Most international sports federations banned athletes from Russia and Belarus indefinitely seven months ago, acting after an IOC recommendation. It is believed that the IBA is the first international federation in an Olympic sport to lift its ban.

The IOC has not officially changed its recommendation from last winter to exclude Russia and Belarus athletes “to protect the integrity of the events and the safety of the other participants.”

Last week, IOC President Thomas Bach said in an interview with an Italian newspaper that Russian athletes who do not endorse their country’s war in Ukraine could at some point be accepted back into international sports, competing under a neutral flag.

IBA, in lifting its ban, will also allow Russia and Belarus flags and national anthems.

“The time has now come to allow all the rest of the athletes of Russia and Belarus to participate in all the official competitions of their sports representing their countries,” IBA President Umar Kremlev, a Russian, said in a press release last week. “Both the IOC and the International Federations must protect all athletes, and there should be no discrimination based on nationality. It is the duty of all of us to keep sports and athletes away from politics.”

In 2019, the IOC stripped the IBA — then known as AIBA — of its Olympic recognition following an inquiry committee report into finance, governance, refereeing and judging. The IOC ran the Tokyo Olympic boxing competition.

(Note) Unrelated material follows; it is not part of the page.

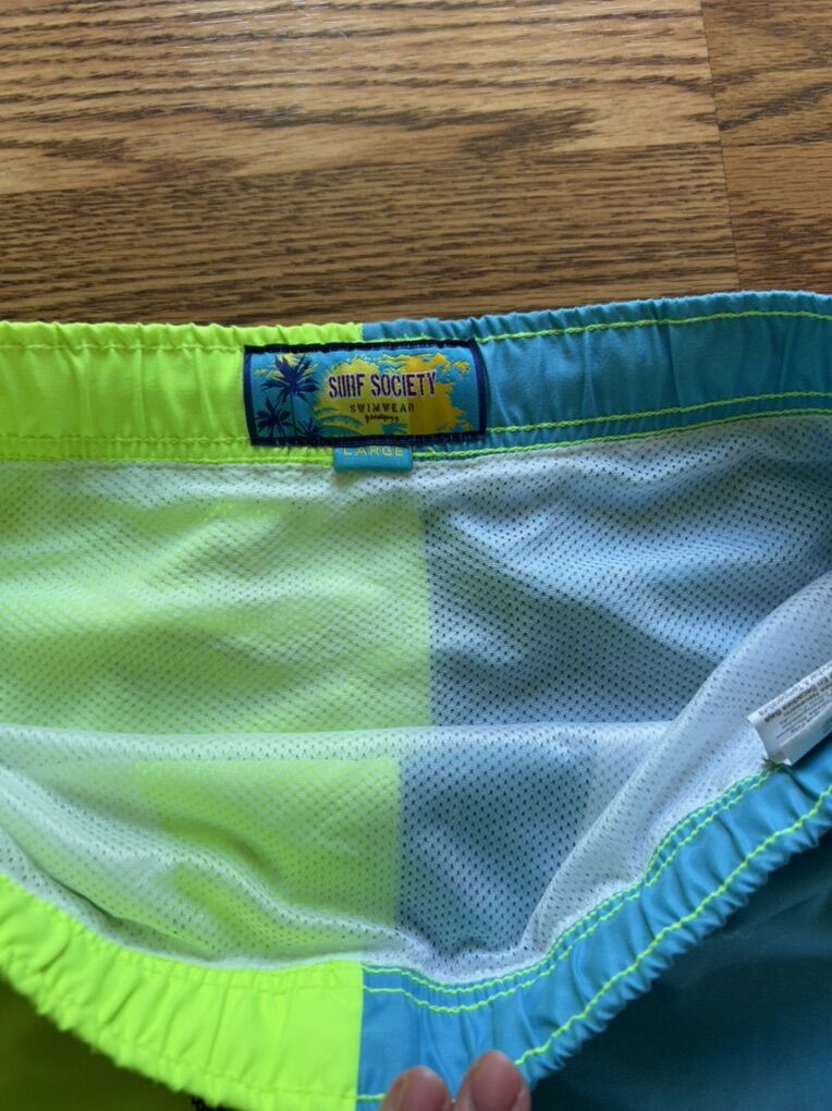 VenmoLike new men’s surf Society swimwear in size large. Beautiful turquoise blue with neon yellow. 6 inch inseam. Two side pockets and one rear pocket. Mesh lining. Elasticated waist with drawstring. Clean smoke free. No stains, flaws, defects or snags. Cash or Venmo. Pick up from Alpine.

The IBA will not run qualifying events for the 2024 Paris Games, but it does still hold world championships, the next being a men’s event in Uzbekistan next year.

Boxing, introduced on the Olympic program in 1904, was not included on the initial program for the 2028 Los Angeles Games but can still be added. The IBA must address concerns “around its governance, its financial transparency and sustainability and the integrity of its refereeing and judging processes,” Bach said last December.

On Sept. 23, the IBA suspended Ukraine’s boxing federation, citing “government interference.” Ukraine boxers are still allowed to compete with their flag and anthem.

The Associated Press contributed to this report.